§ **WHAT IS REQUIRED**: All entries below must be written out verbatim, and the images must be dropped.

§ **DATA EXCERPTS**:
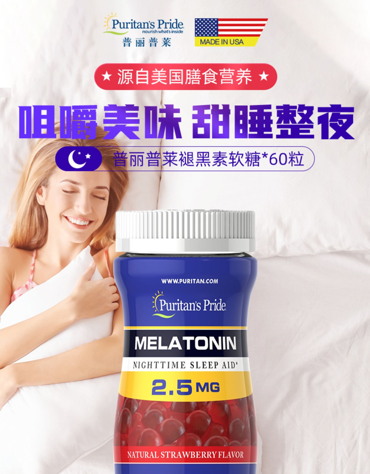 此款软糖获得2018年度睡眠健康产品奖,口感和QQ糖,规格:60粒/瓶。临睡前1粒,1瓶为两个月用量。类似酸甜草莓味,果蔬汁调味,安全健康。
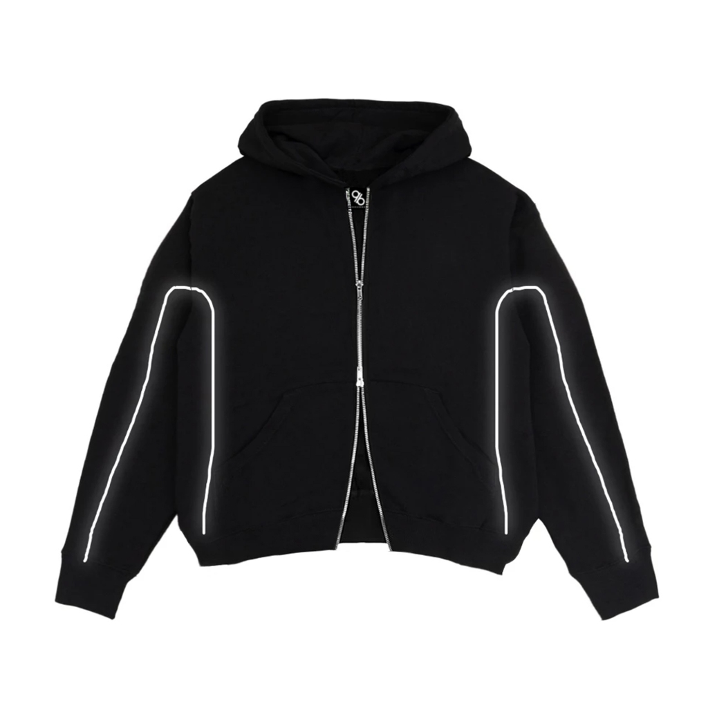 Gadabang Hoodie Boxy Double Zipper List Menyala Reflective Hitam
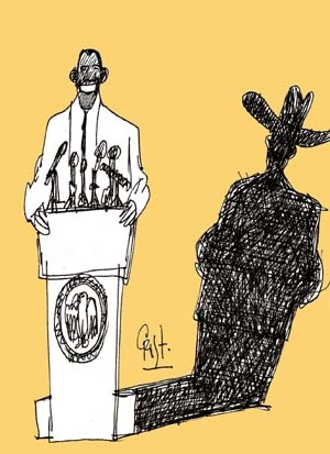 오바마 시대를 일관되게 괴롭힐 것은 바로 그것이다. 그 속에서 오바마는 미국 헌정주의 원칙을 절대적으로 추구하는 민권단체와 '테러 전쟁에서 중간 지대는 없다'며 절대적 타락을 옹호하는 네오콘들 사이에서 다소 위태위태한 줄타기를 할 것이다.
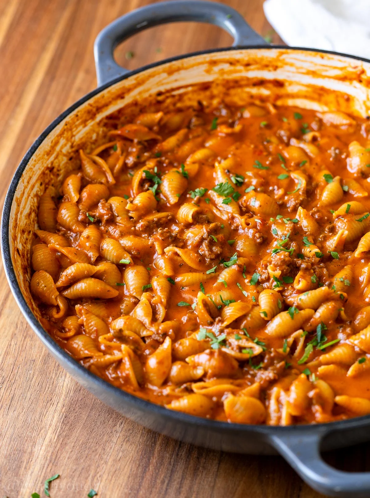 - Stir in the garlic and Italian seasoning, cook until fragrant, about 30 seconds. Pour in the beef broth, milk and pasta sauce, bring the mixture to a boil.
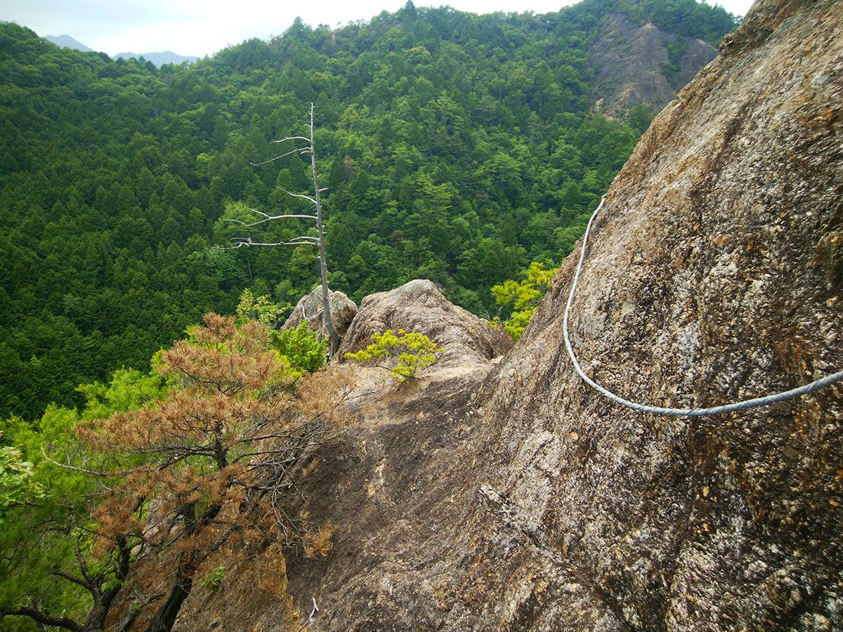 岩場のトップまで登ると今度は岩場を右にトラバースしていく
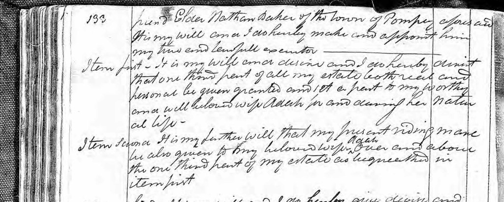 First reposing special trust & confidence in my trusty friend Elder Nathan Baker of the Town of Pompey aforesaid. It is my will and I do kindly make and appoint him my true and lawful executor.

§ **RESULT**:
 此款软糖获得2018年度睡眠健康产品奖,口感和QQ糖,规格:60粒/瓶。临睡前1粒,1瓶为两个月用量。类似酸甜草莓味,果蔬汁调味,安全健康。
 Gadabang Hoodie Boxy Double Zipper List Menyala Reflective Hitam
 오바마 시대를 일관되게 괴롭힐 것은 바로 그것이다. 그 속에서 오바마는 미국 헌정주의 원칙을 절대적으로 추구하는 민권단체와 '테러 전쟁에서 중간 지대는 없다'며 절대적 타락을 옹호하는 네오콘들 사이에서 다소 위태위태한 줄타기를 할 것이다.
 - Stir in the garlic and Italian seasoning, cook until fragrant, about 30 seconds. Pour in the beef broth, milk and pasta sauce, bring the mixture to a boil.
 岩場のトップまで登ると今度は岩場を右にトラバースしていく
 First reposing special trust & confidence in my trusty friend Elder Nathan Baker of the Town of Pompey aforesaid. It is my will and I do kindly make and appoint him my true and lawful executor.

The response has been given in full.